This project consists of two main components: a server part (LLaVA bridge) running on Gaudi 2, and a client part running on a laptop with a webcam.
The LLaVA bridge is the server component of this project. It runs on Gaudi 2 hardware and is responsible for processing requests from the client. This component utilizes the LLaVA (Large Language and Vision Assistant) model to analyze images and generate responses.
Key features:
- Runs on Gaudi 2 hardware for high-performance computing
- Processes image analysis requests
- Utilizes the LLaVA and BridgeTower models for advanced image understanding and response generation
The client component runs on a laptop equipped with a webcam.
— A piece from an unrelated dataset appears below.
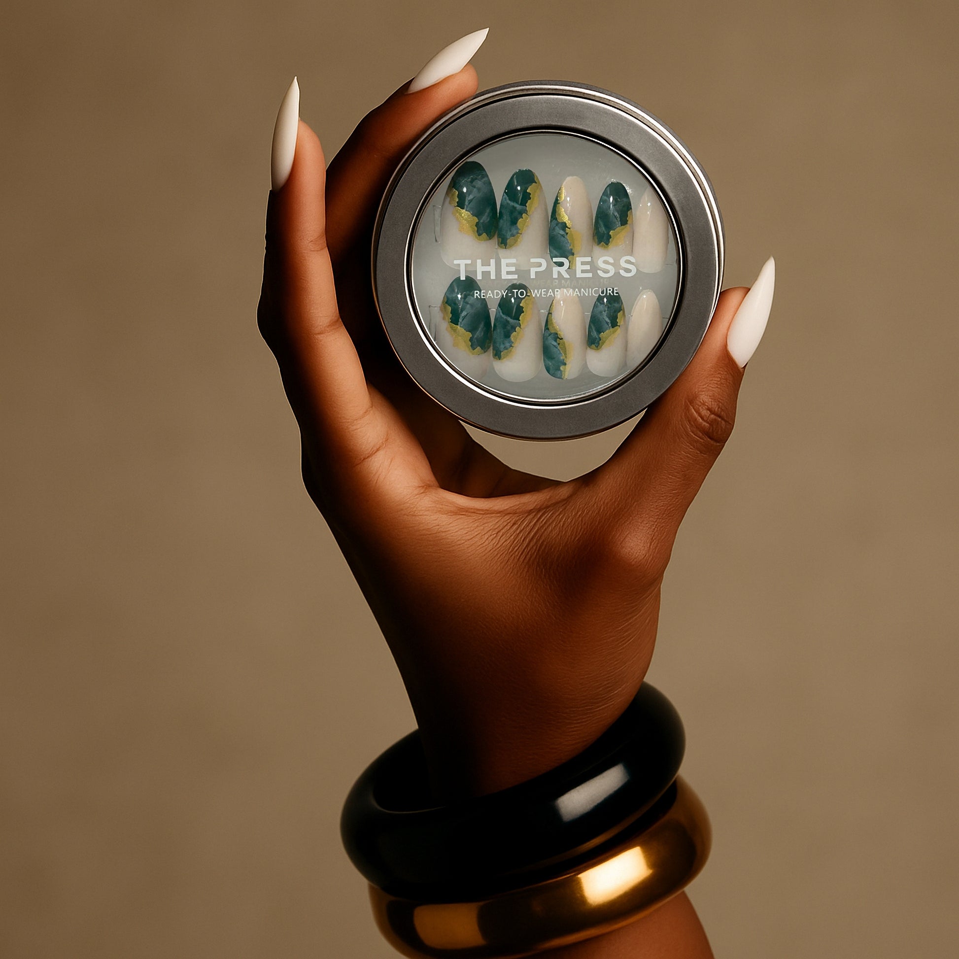 STEP 6: Touch up and reshape your Read-to-Wear Manicure using the file included or a nail clipper. Tip: THE PRESS Nails can be filed from any side, including the cuticle area, if you want to shorten the length of the nails without losing the tip design.

It captures images from the webcam and sends them to the server for processing.
Key features:
- Runs on a laptop with a webcam
- Captures frames from the webcam
- Encodes and sends image data to the server
- Displays responses received from the server
- The client captures a frame from the webcam.
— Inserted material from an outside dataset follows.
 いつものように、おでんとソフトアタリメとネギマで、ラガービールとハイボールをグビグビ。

- The image is encoded and sent to the LLaVA bridge server.
- The server processes the image using the LLaVA model.
- The server sends back a response based on the image analysis.
- The client displays the response to the user.
Follow these steps to set up the project and run the Streamlit app.
Create a virtual environment named venv
.
python3 -m venv venv
Activate the virtual environment. Use the following command for Unix-based systems (Linux and macOS):
source venv/bin/activate
Install the required dependencies listed in required_client.txt.
pip install -r requirements_client.txt
Run the Streamlit app using the following command:
streamlit run client.py